Poetry is the shadow of man. It extends him; increases
him; diminishes him; deforms him; sticks to his body by an invisible hinge;
follows him; precedes him; or walks at his side. At least from the perspective
of the gods, because, for man, it is his actions that create his worth, that
are the roots of being in him, and that surround him. Which only shows how the
poetic work, with a malaise equal to its lucidity, offers to us a laughable
reflection of our own gestures, ancient gestures colored by magic, everyday
gestures, new gestures, sacrilegious gestures, bizarre gestures, gestures by
which makes and unmakes himself in the intertwining of his myths. Poetry
opposes the pure and useless scraps of its inconsistency to the attempts of the
Faire. Nevertheless, this is the moment in which philosophy effaces itself to
allow room for an art of living, for a style that demands analysis, the slow
analysis and revalorization of the Forms and Shades. Faced with the decline
that menaces it, poetry is ready to be made concrete and, through a return to
its sources, to be crowned a new force and form of action so that its magical
virtue, long veiled, is rekindled in the fire of the sciences. The will to be
done with the individual as a point of comparison doesn’t cease to affirm
itself in innumerable attempts at collective expression. From Lautréamont to
the situationists, the same urge pushes personal awareness to surpass itself,
to get free of itself and to re-find itself in the flux of the tides, among the
unanimous swelling of the waves and the always-singular crests of foam.

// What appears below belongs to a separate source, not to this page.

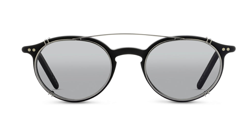 A sophisticated round frame design featuring a sleek black metal construction with a distinctive double bridge detail. The glasses showcase a clip-on sunlens system with grey-tinted lenses, creating a versatile eyewear option. The design combines classic aesthetics with modern functionality, featuring delicate metal nose pads and thin temple arms that maintain an elegant profile. The frame demonstrates excellent craftsmanship with its precise metal work and refined finishing touches, including subtle rivets at the temple joints.

Concrete poetry, by simultaneously joining together action and philosophical
meaning, claims to renew the previously broken links of grand communication and
to open itself to the human under the sign of liberty, disalienation, and the
totality. How could such a poetry – an integral (or totalitarian) poetry, a
poetry that simultaneously covering thought, dream, fantasy, magic, awareness
and action, simultaneously multiple and singular, limited and unlimited – how
could it avoid a fundamental ambiguity, an imperfection, something uncompleted
or an oversimplification in its presentation (dependent on the bookish form and
writing), which, here, is its own? What are these fragments? In no case are
they works of traditional poetry or theory. If one must situate them, it would
be somewhere between coded messages, magic formulae, work songs, revolutionary
hymns and literary agitation. Reading them is like reading a musical score
whose meaning and value come from its performance. One must bring to these
texts lives that only audio-visual technology can kindle in the hearts of the
masses; one must bring them into collective action, which, by transfiguring
them, will assign to social praxis its veritable measure, which is that of
man-become-world. If their critique can be reduced to this simple assessment,
essentially tied to the comprehension by and collaboration of a large number of
people, they were the work of a single one.